The criterion you gave is a criterion for something else though. 
Namely, an element $a$ is called nilpotent if $a^k \equiv 0 \mod n$ for some positive integer $k$. One has the following criterion: 

$\mathbb{Z}_n$ contains nontrivial nilpotent elements if and only if $n$ is divisible by a square.

To see this note that if $m^2 \mid n$ then $(\frac{n}{m})^2 =  n \frac{n}{m^2} \equiv 0  \mod n$. And, conversely if $n$ is squarefree, then for $1 \le a \le n-1$ there is a prime $p \mid n$ such that $p \nmid a $ and then $ p \nmid a^k$ for each $k$ showing that $a^k$ is non-zero modulo $n$.

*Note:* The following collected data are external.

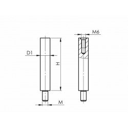 Verbindungsstift aus Edelstahl V2A, mit Gewinde M8 unten und M6 oben, zur Befestigung von passenden Halteplatten.
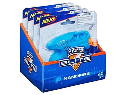 Nerf Nano Fire. Kicsi Nerf blaster puska 3 db habszivacs dárdával. 2 különböző színben kapható. 8 éves kortól alkalmas. Többféle változatban kapható, szállítás véletlenszerűen. Az ár 1 db termékre vonatkozik.
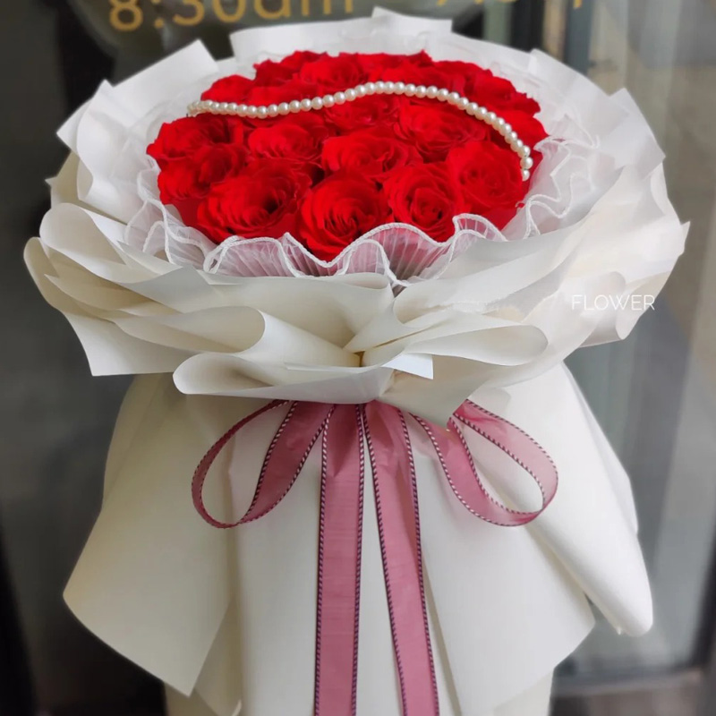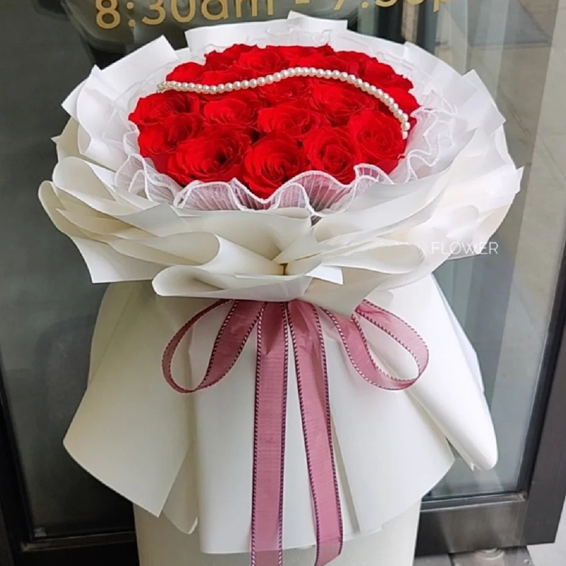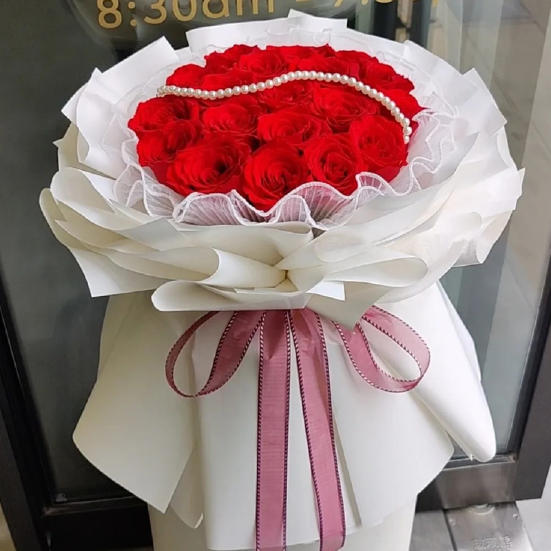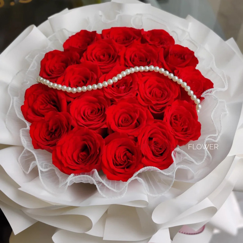 花材: 19朵红玫瑰,1条珠串装饰花面。
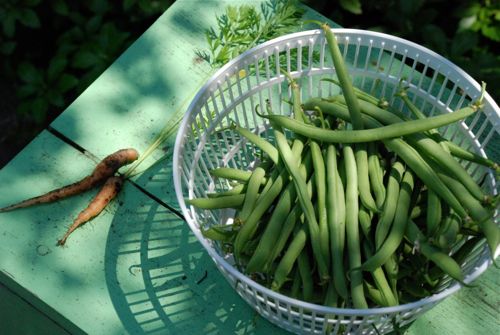 I’ve already picked two big bowls of beans – I love, love, love green beans. Also I thinned out a couple carrots. The rest of them are look promising.

*An element $a$ is called idempotent if $a^2 \equiv a \mod n$. This is equivalent to $a^2 - a \equiv 0 \mod n$ so $n \mid (a^2 -a) = a(a-1)$. Showing the validity of the criterion: 

$\mathbb{Z}_n$ contains a nontrivial idempotent element if and only if $n$ divides the product of two consecutive positive integers less than $n$.

If one does not insist on the integers being positive (or at least non-zero) the condition is empty as $n$ always divides $0 = 0 \times 1$ as well as e.g. $n\times(n-1)$.     
A: In $\mathbf{Z}_6$ there are non-trivial zero divisors, but $6$ is squarefree. [?]